British Lt. Gen. Andrew Harrison, serving as the deputy commander for the UN Command, confirmed these ongoing talks during a news conference in Seoul, South Korea, on Monday. However, he refrained from sharing additional details on King’s current status or the inception of these dialogues. Harrison explained the communication was being facilitated via “mechanisms” established under the 1953 armistice, which ended the Korean War hostilities under UN Command supervision. Such mechanisms might include the telephone line at the Panmunjom border truce village connecting the UN Command and the North Korean People’s Army.
“I am in life an optimist, and I remain optimistic. But again, I will leave it at that,” Harrison said, indicating the uncertainty surrounding the situation. The detention of Pvt. King comes during a period of escalating tensions between the US and North Korea. Pyongyang purportedly launched two short-range missiles last week as a reaction to the US docking a nuclear-armed submarine in South Korea for the first time in decades.

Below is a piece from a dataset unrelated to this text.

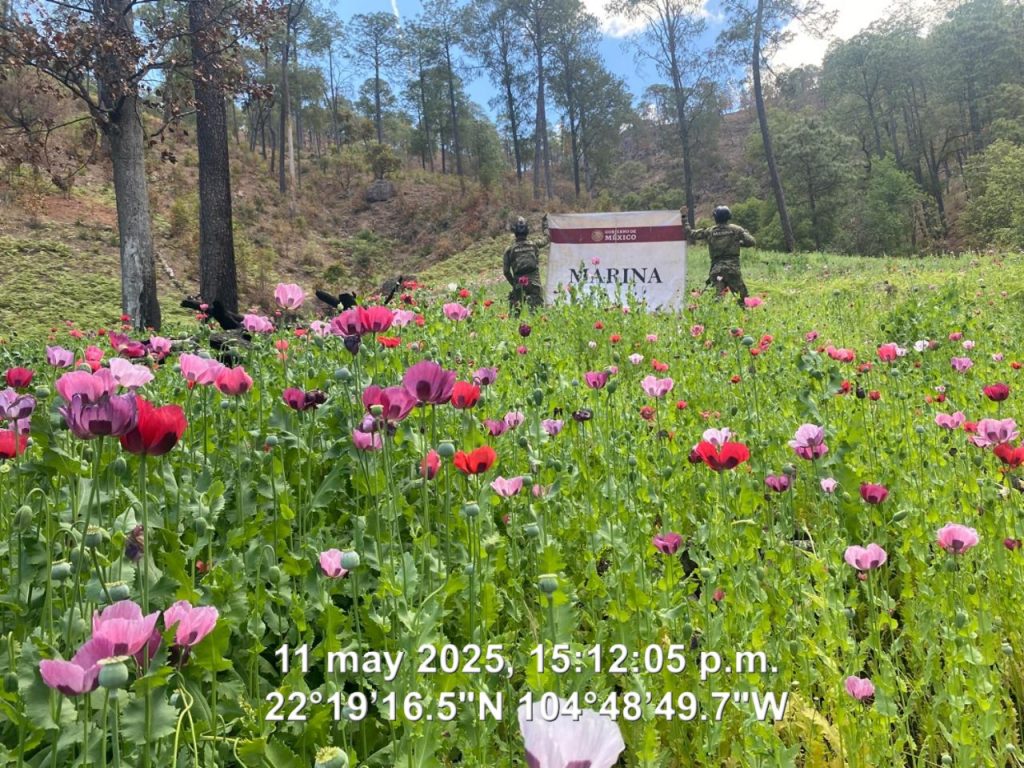 Comunicado.- La Secretaría de Marina a través de la Armada de México, informa que del 01 de abril al 11 de mayo del año en curso, personal de la Décima Zona Naval, llevó a cabo la localización y erradicación de 124 plantíos de amapola en el estado de Nayarit. Lo anterior se efectuó durante el periodo del mes de abril al 11 de mayo en diferentes acciones por elementos de la Armada de México, en inmediaciones de las localidades de Santa Gertrudis, San Rafael y El Maguey, Las Ollas, Rancho Doroteo del municipio Del Nayar, Nayarit, en donde se erradicación de 124 plantíos de amapola, en un área aproximada de 726,300 m2, dando como resultado la destrucción en el lugar de aproximadamente 16,760,000 (dieciséis millones setecientos sesenta mil doscientos) plantas, con un peso aproximado de 2,978,000 (dos millones novecientos setenta y ocho mil) kilogramos. Cabe destacar que en la lucha permanente contra el narcotráfico y ante el incremento del consumo y popularidad de drogas ilegales a nivel mundial, la Armada de México instruyó al personal naval para establecer operaciones de localización, aseguramiento y destrucción de plantíos ilícitos.

While North Korea has been silent regarding King’s status, US officials have expressed their concerns. John Kirby, National Security Council spokesperson, informed reporters last Thursday that the US had no information on King’s whereabouts or condition. “We’re still doing everything we can to try to find out his whereabouts, his well-being and condition and making it clear that we want to see him safely and quickly returned to the United States,” Kirby stated.
During the Aspen Security Forum, US Secretary of State Antony Blinken also voiced concerns over King’s situation. Citing past precedents, he expressed apprehension about how North Korea has treated detainees.